First, let's find the equation for the curve that represents the upper half of the semicircle. Since the diameter connects the graphs of y = sinx and y = -sinx, the radius of each semicircle is the difference between these two functions: r(x) = (sinx) - (-sinx) = 2sinx.
To calculate the volume of an individual slice, we need to find its area. The area of a circle is given by A = πr², but since we're dealing with semicircles, we can divide this by 2: A = (1/2)πr².
In this case, the radius of each semicircle is given by r(x) = 2sinx, so we have A(x) = (1/2)π(2sinx)² = 2πsin²x.
Now, to find the volume of the entire solid, we need to integrate the area function A(x) over the interval [0, π]. The volume V can be calculated as follows:
V = ∫[a,b] A(x) dx = ∫[0,π] 2πsin²x dx.
To evaluate this integral, we can use the power-reducing identity for sine: sin²x = (1/2)(1 - cos(2x)).
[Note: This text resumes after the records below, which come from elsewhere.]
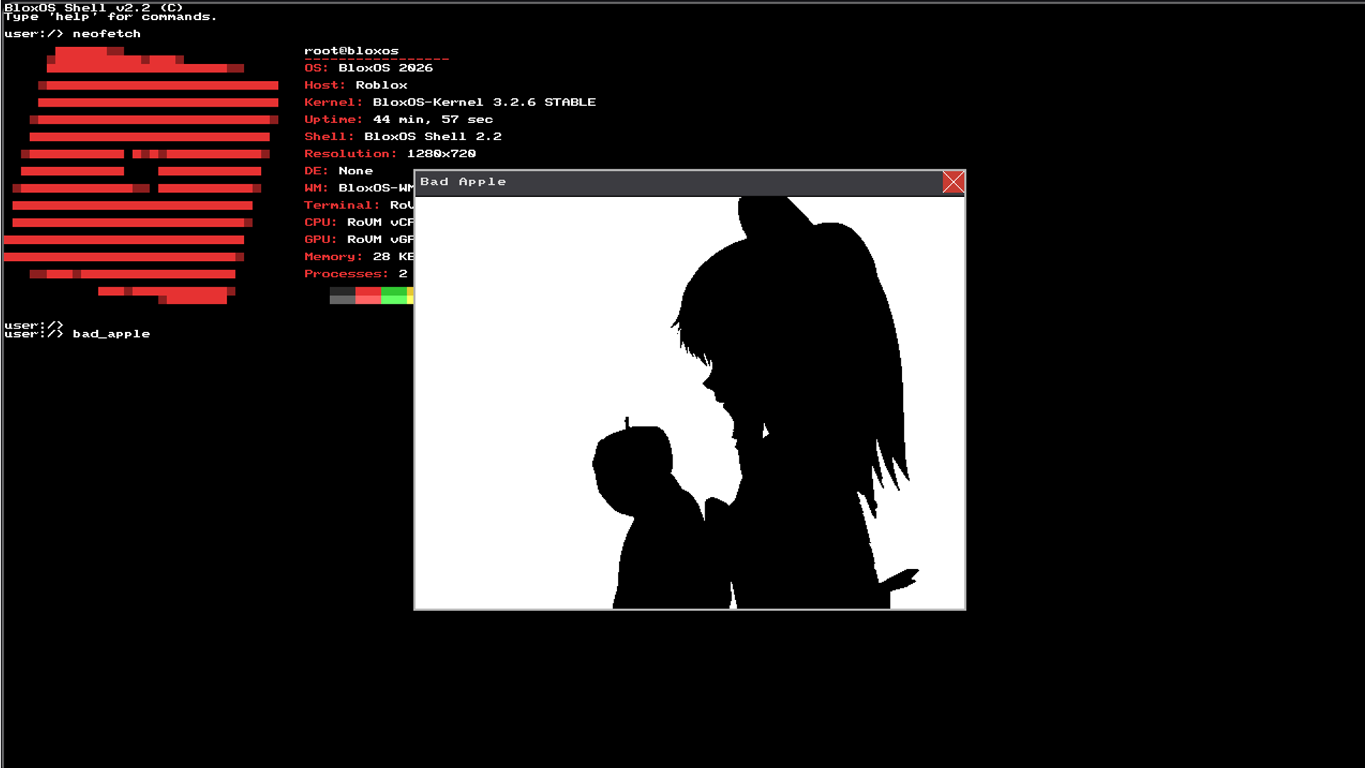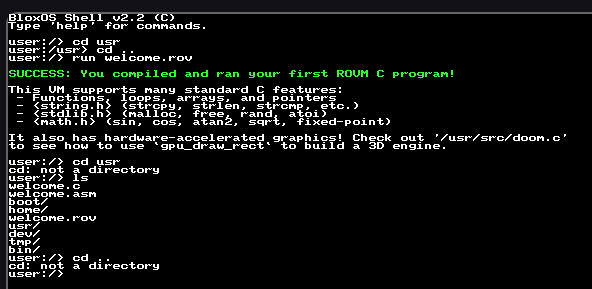 ROVM is a complete virtual computer running inside Roblox. This project started as an experiment to see how far Roblox’s runtime and Luau could be pushed, but it has since evolved into a full-fledged computer. It has its own CPU, a built in C compiler, assembly language, framebuffer, terminal, filesystem, and even virtual memory with copy-on-write. You can write programs for it in C or assembly and they actually run.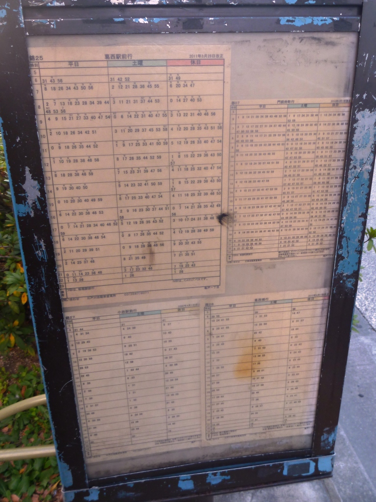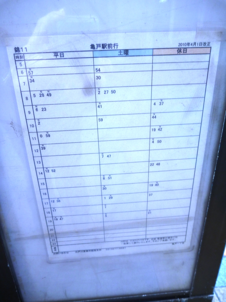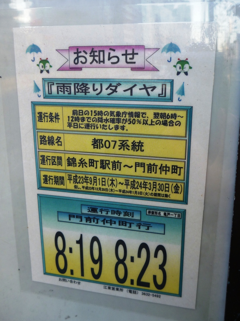 ▲時刻表も実に9枚。雨降りダイヤは数年前に数系統で始まった取組です。@亀戸一丁目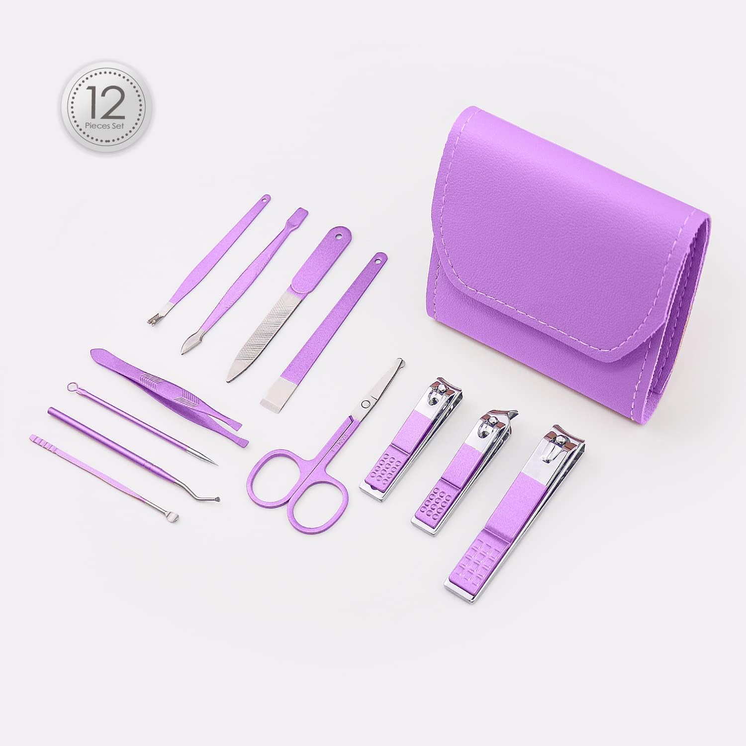 Manicure Pedicure Kit for Women for Foot, Hand & Face Care with TRAVEL Case | Nail Cutter Kit Set, Nail Clipper, Eyebrow Scissors, Tweezers, Nail File, Grooming Kit for Men & Women - 12 in 1 Kit (Purple)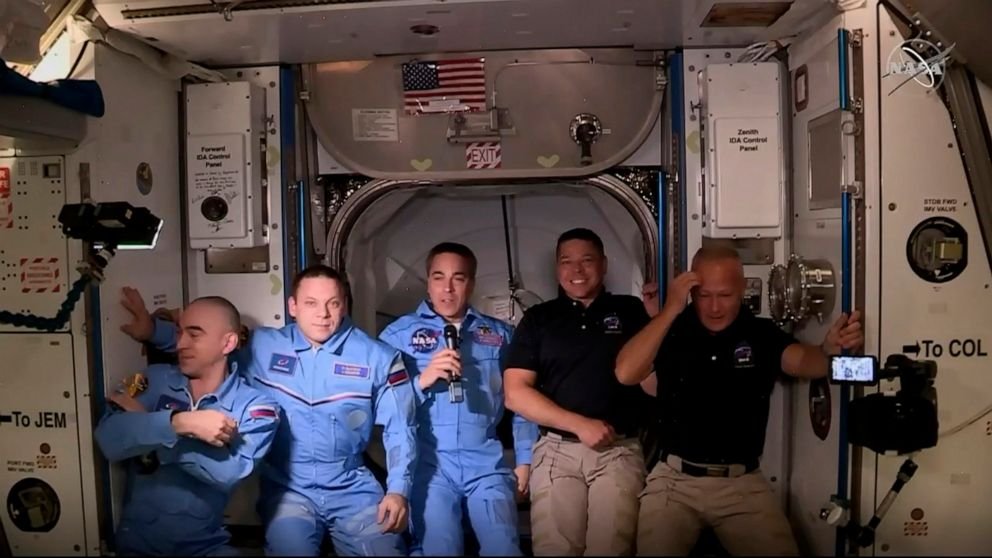 The crew is comprised of three Americans — Michael Hopkins, Victor Glover and Shannon Walker — and Japan’s Soichi Noguchi.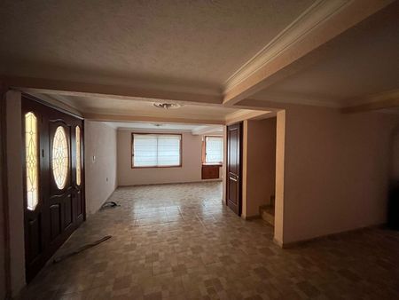 La planta baja cuenta con: sala con chimenea, comedor, cocina, un medio baño, cuarto de herramientas, cuarto de estudio o tv, área de lavado, amplio jardín, cisterna y estacionamiento para 10 autos.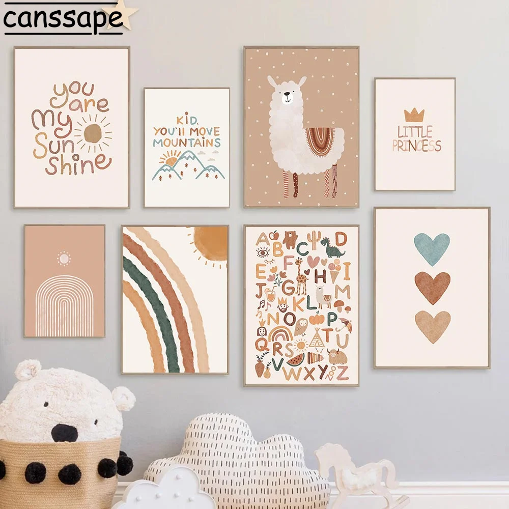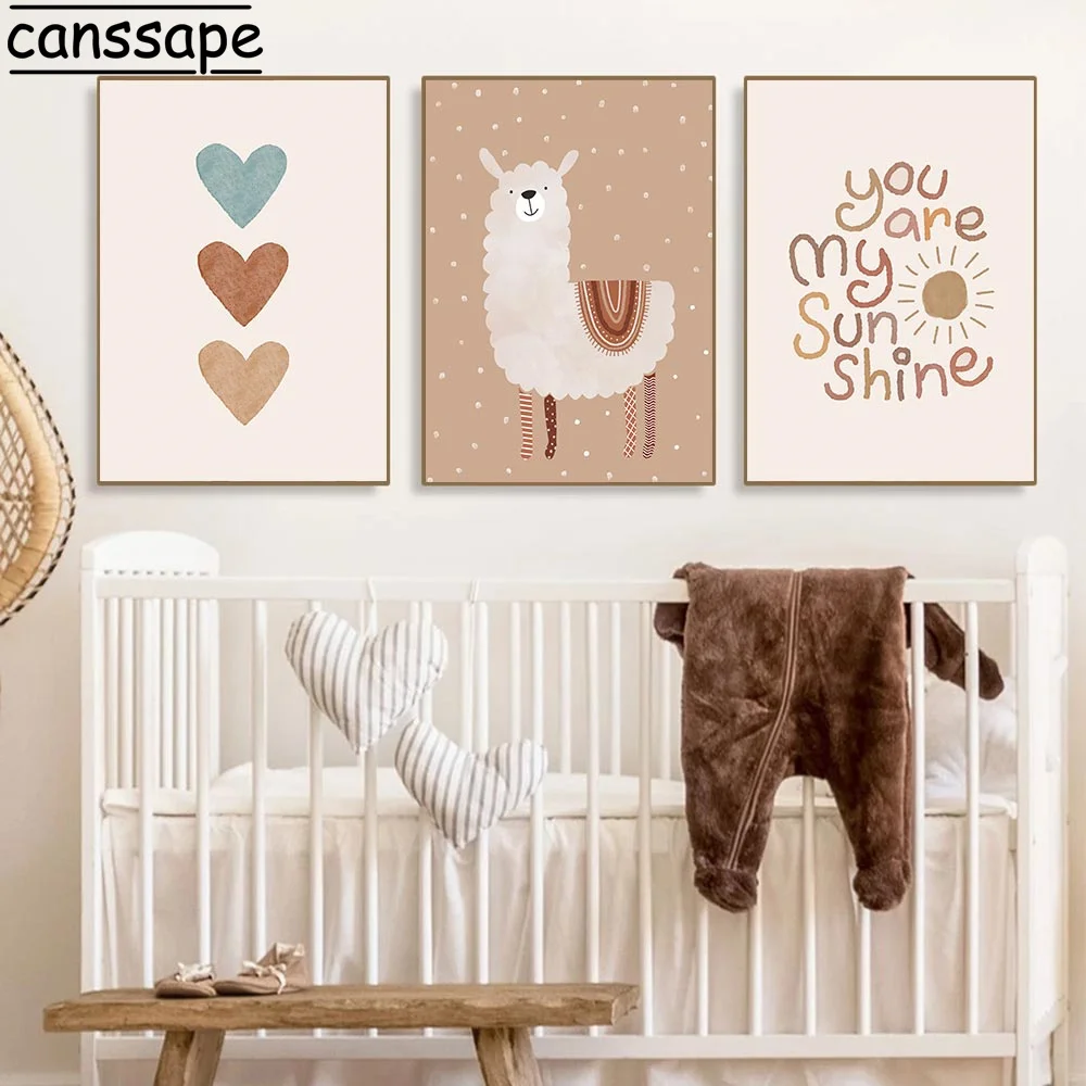 Картина с альпакой в стиле бохо, мультяшный постер, Радужное солнце, картины на холсте, принты с надписью Love, Скандинавская картина на стену, декор для детской комнаты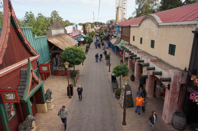 One particular thing that I like about Attractiepark Slagharen, is its Main Street. The park is shaped like an hourglass, with the Main Street being the middle piece of it. That’s why the Main Street is literally in the centre of the park and it remains a busy shopping and dining hub throughout the day. Those who feel too lazy to walk the full length of Main Street, can use the cable car soaring above it.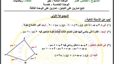 مراجعات نهائية.. أسئلة تقييم الأسبوع الـ 15 الرياضيات لـ الصف الثاني الإعدادي

Substituting this into the integral, we have:
V = ∫[0,π] 2π(1/2)(1 - cos(2x)) dx
= π∫[0,π] (1 - cos(2x)) dx.
Now, let's integrate term by term:
V = π∫[0,π] dx - π∫[0,π] cos(2x) dx.
The first integral, ∫(1) dx, is simply x, evaluated from 0 to π, which gives us x = π - 0 = π.
For the second integral, we can use the substitution u = 2x, du = 2dx:
V = π∫[0,π] dx - π∫[0,π] cos(u) (1/2) du
= π[x]∣[0,π] - (π/2)∫[0,2π] cos(u) du
= π[π - 0] - (π/2)[sin(u)]∣[0,2π]
= π² - (π/2)(sin(2π) - sin(0))
= π² - (π/2)(0 - 0)
= π².
Therefore, the volume of the solid enclosed between the graphs of y = sinx and y = -sinx from x = 0 to x = π is π².